Pirfenidone or gamma-interferon (such as gamma-1b interferon) may be purchased from commercial suppliers or synthesized according to methods known in the art.

The early stage of IPF may be delineated as a disease stage in which alveolar tissue exploration in HRCT or CT is absent or minimal. In one embodiment of the invention, the alveolar tissue is present in less than 10% in all lung fields. In a preferred embodiment, the alveolar tissue, when expressed on a scale of 0 to 100%, is present in less than 8%, or less than 5%, or less than 5%, or less than 3%, or less than 2%. %, in all lung fields. In many preferences, alveolar tissue is present in less than 1% of all lung fields. In one further embodiment, the alveolar tissue, when expressed in a range 1 through 5, is present in less than one score 3, preferably less than a count of 2, more preferably less than a count of 1.

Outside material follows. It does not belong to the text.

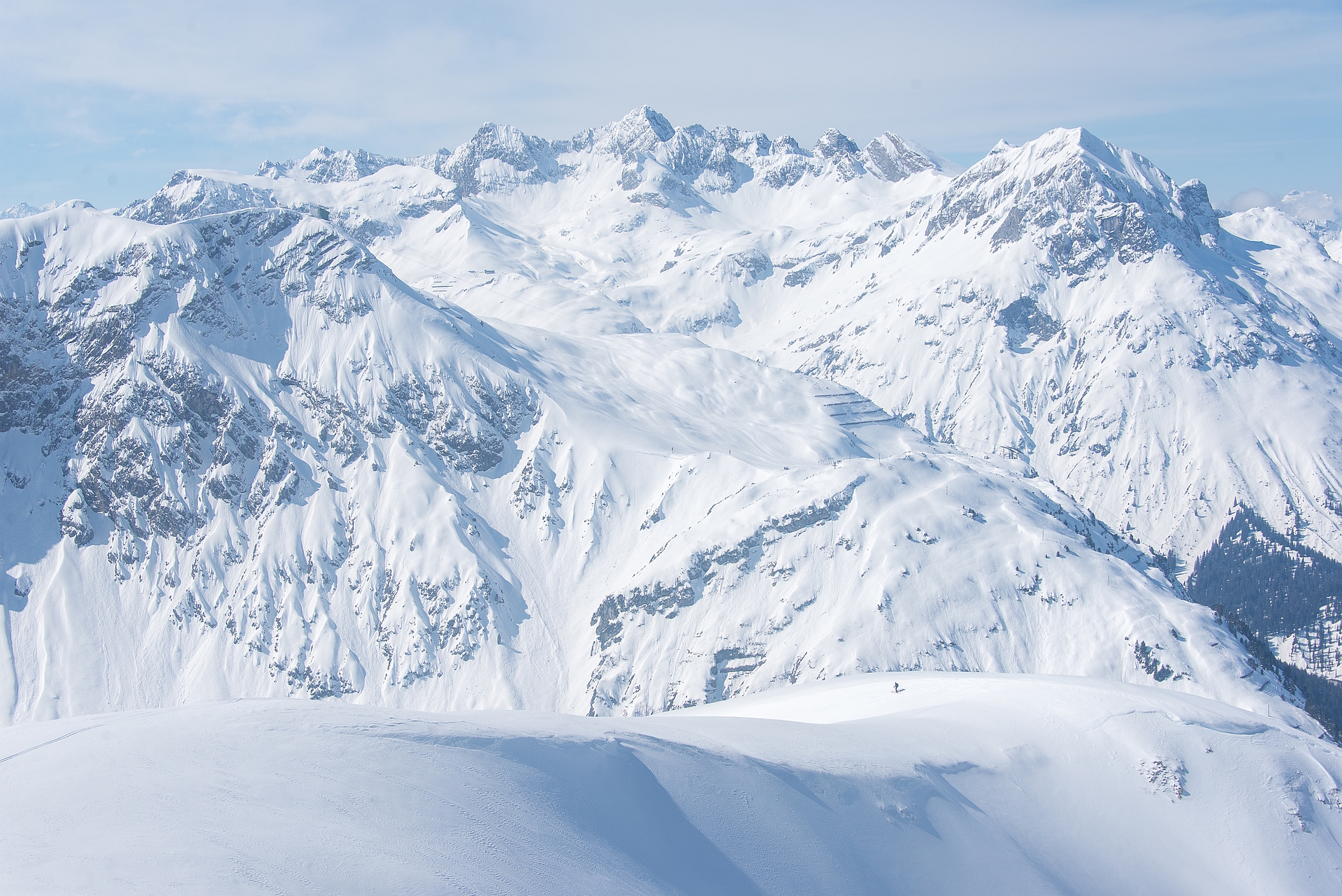 Im Westen zeigen sich die höchsten Gipfel des Lechquellengebirges, allen voran die Untere Wildgrubenspitze

An additional feature is the presence of attenuation of the opaque image in one or both lung fields, but not limited to these features. The opaque image extension in early IPF could be any percentage from more than zero to 80%, preferably more than 2% to 80% of hand-hand fields (Akira M, et al Idiophatic pulmonary fibrosis: pro-gression of honeycombing at thin section CT Radiology1993 189: 687-691).

When IPF cannot yet be diagnosed with high accuracy by clinical / radiological features expressed in the consensus guidelines ATS / ERS, a lung biopsy is typically performed for one of the norms or confirmation of the early stage IPF (refrence: American Thoracic Society Idiophaticpulmonary fibrosis: diagnosis and treatment International consensus statement American Thoracic Society (ATS) and the European Respiratory Society (ERS) Am JRespir Crit Care Med 2000; 161; 646-64).

Endotelin Receptor Antagonists (ERA):

Endothelin receptor antagonists, as defined above, encompass a wide range of structures and are usable alone or in the combinations and methods of the present invention. Non-limiting examples of endothelin receptor antagonists that may be used in the present invention include those endothelin receptor antagonists as described below. The identified references below of the endothelin receptor antagonists are incorporated herein in their entirety.

Endothelin-I is a potent endogenous smooth muscle mitogen vasoconstrictor that is overexpressed in the plasma and pulmonary tissues of patients with pulmonary artery hypertension and pulmonary fibrosis. These are two classes of Endothe-lin receptors: ETa receptors and ETb receptors, which play a significant role in regulating blood vessel diameter. In pathological chronic situations, the pathological effects of ET-I can be mediated via both ETa and ETb receptors.

Two types of ERAs have been developed: dual EERAs, which block both ETa and EETb receptors, and selective ERAs, which block only ETa receptors.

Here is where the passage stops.